Bölüm 26~

11.2K 980 163
                                    

Ihım şey bayaa uzunmuş ya birde çok beklemeyin bölüp ekliyeyim gençler~ Bunlar ultra tatlı oyyyy!! JUST LIKE YOU da göz atalım o da KAISOO!!!!  Keyifli okumalar~supernaturel~~

BÖLÜM 26

Hoca birkaç dakika sonra geri döndüğünde ürkekçe baksa da sonra ikisine de göz kırptı.

‘Devam edelim.’

Soo o kadar çok gülümsüyordu ki artık çenesi ağrımıştı.

--

Kyungsoo, Jongin’in duş almasını beklerken dans hocası yüzünde kocaman bir gülümsemeyle yanına geldi.
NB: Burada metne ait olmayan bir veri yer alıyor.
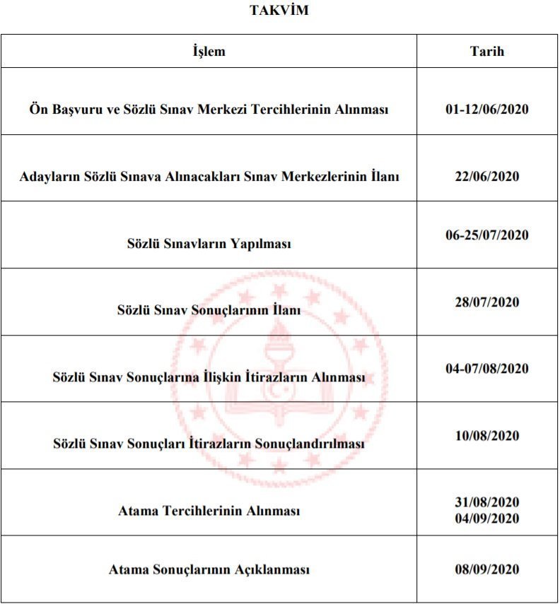 2020 Haziran ayında yapılacak olan sözleşmeli öğretmen atama kontenjan listesi yayımlandı.
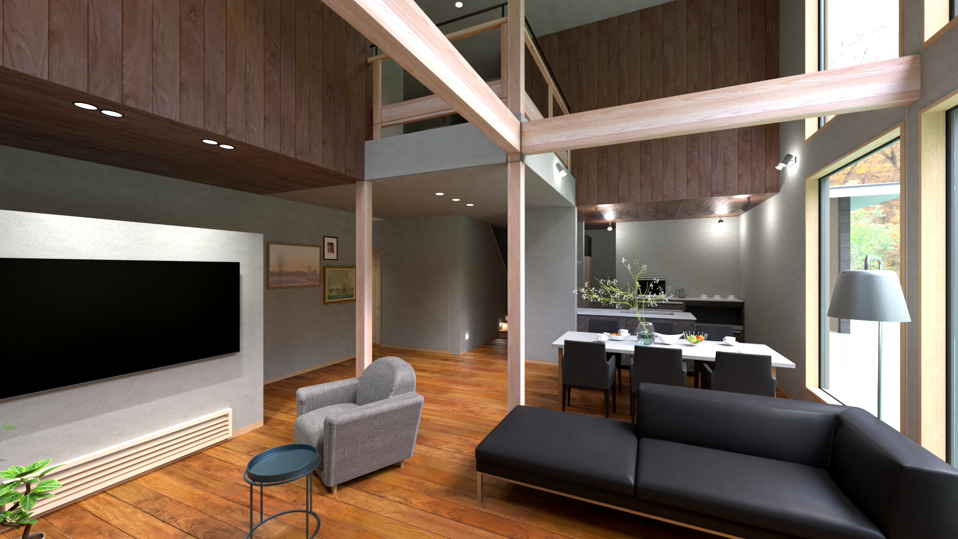 軽井沢の移りゆく美しい四季を映し込んだ「光と風」が巡る邸宅をつくりました。隔たりのないLDKには約24帖の吹き抜け。南側に大きな窓から陽の光が降り注ぎ、部屋全体を包み込む空間設計にしました。陽の光が時間ごとに異なる陰影を作り出し、リビング空間に豊かな彩りをもたらします。

‘Sanırım sana teşekkür etmeliyim.’

Kyungsoo bir an anlamayarak şaşırdı. ‘Bana mı? Neden?’

‘Biliyorsun Jongin zaten çok yetenekli bir çocuk, sadece dansı hareketleriyle bütünleştirdiği için değil duygularını da içine katabildiği için.’

Soo katıldığını belirterek kafasını salladı. ‘Evet.’
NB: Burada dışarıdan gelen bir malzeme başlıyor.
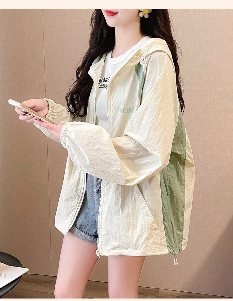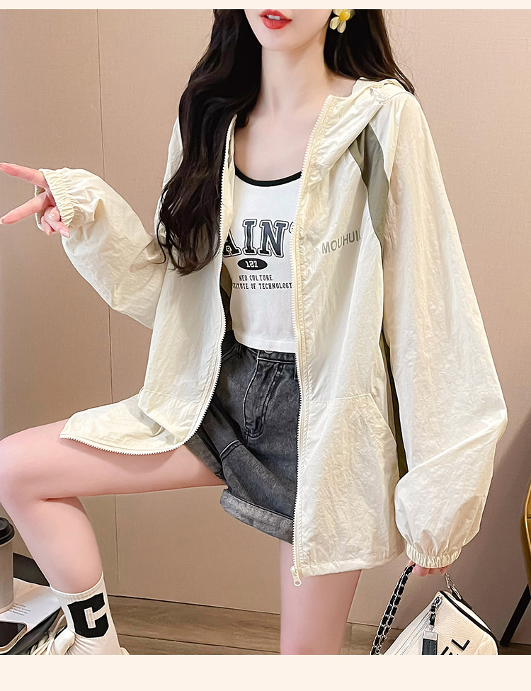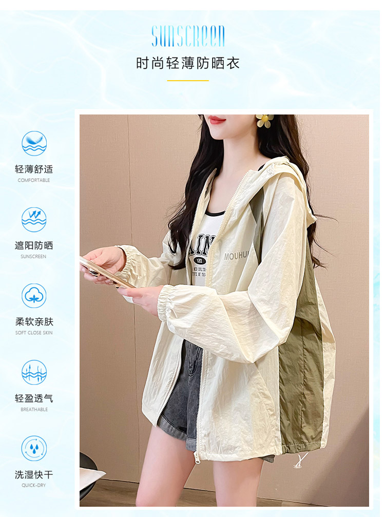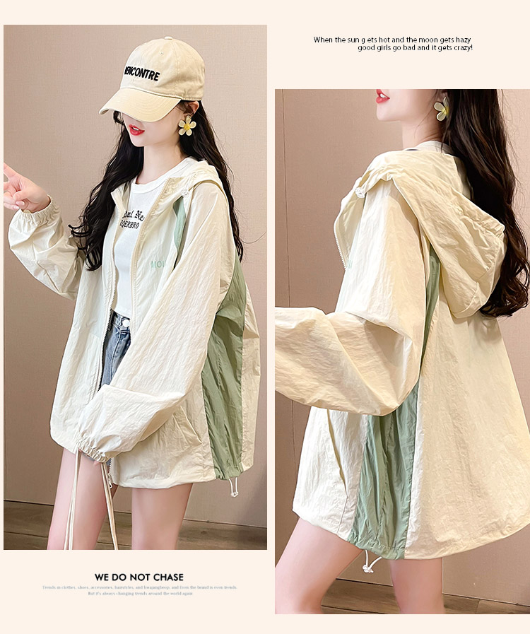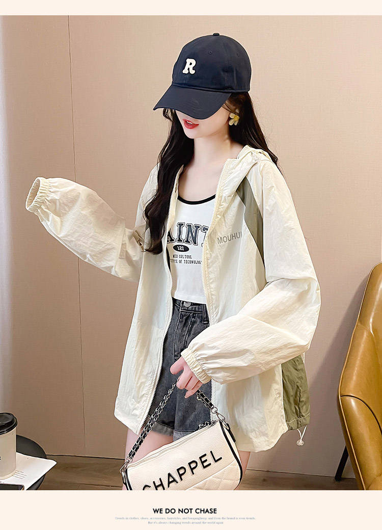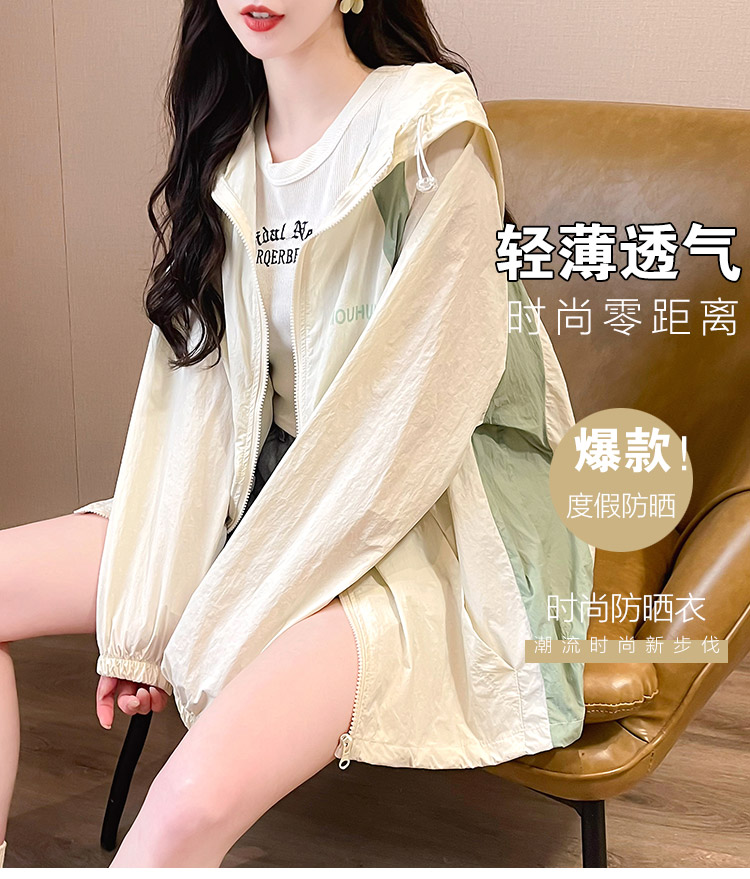 MY17288# 撞色连帽防晒衣新款宽松透气防晒服韩版宽松冲锋衣薄外套女裝貨源服裝批發
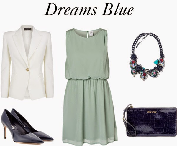 Este finde comienza la Semana Santa y es hora de sacar nuestras mejores galas para salir a la calle y disfrutar de las procesiones. Por ello, hoy os propongo un look ideal para el Domingo de Ramos cuya pieza central es un vestido celeste que he combinado con blazer blanca y collar, zapatos y bolso azul marino.

‘Ama bir süredir dansı daha farklı. Yani her zamanki gibi tutkulu olsa da üzüntü ve yıpranmışlık hissi yerine daha duygusal ve kendinden emin dans ediyor.’
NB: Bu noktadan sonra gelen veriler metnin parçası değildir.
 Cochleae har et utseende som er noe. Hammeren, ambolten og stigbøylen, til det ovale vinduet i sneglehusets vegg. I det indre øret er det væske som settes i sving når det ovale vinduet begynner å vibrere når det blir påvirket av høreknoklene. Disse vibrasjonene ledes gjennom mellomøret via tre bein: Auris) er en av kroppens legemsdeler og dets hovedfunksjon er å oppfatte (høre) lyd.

Adam elini Soo’nun omzuna koydu. ‘Ve sanırım tüm bunlar senin sayende.’

Jongin tam o anda içeri girdiğinde ikilinin ne konuştuğunu merak etmişti.

‘Hazır mısın?’  Hala gözlerinin için gülerek sordu Soo.

Jongin’in gözleri Soo ve hoca arasında gidip gelirken yavaşça kafasını salladı.

‘Ah Jongin, Gongchan’a yine yardım edebilir misin? Haftaya sınavı varmış.’

‘Elbette.’

‘Teşekkürler. Jin AH’ı ziyaret ettin mi?’

‘Yarın gideceğiz.’

‘Benden de selam söyle.’

‘Olur.’
Binadan çıktıklarında sormadan duramamıştı Soo.

‘Hocan büyükanneyi tanıyor mu?’

Jongin eğlendiğini belli ederek güldü. ‘Evet, beni de o tanıştırmıştı. Kolejden beri oğlu gibidir.’

‘Peki ya Gongchan?’

Jongin alayla güldü. ‘Neden? Kıskandın mı?’

‘Hiçte bile!’ Şakayla çocuğun omzuna çarpıp cevabı bekledi.

‘Oğlu, ders ücretlerim yerine bazen ona ders çalıştırıyorum.’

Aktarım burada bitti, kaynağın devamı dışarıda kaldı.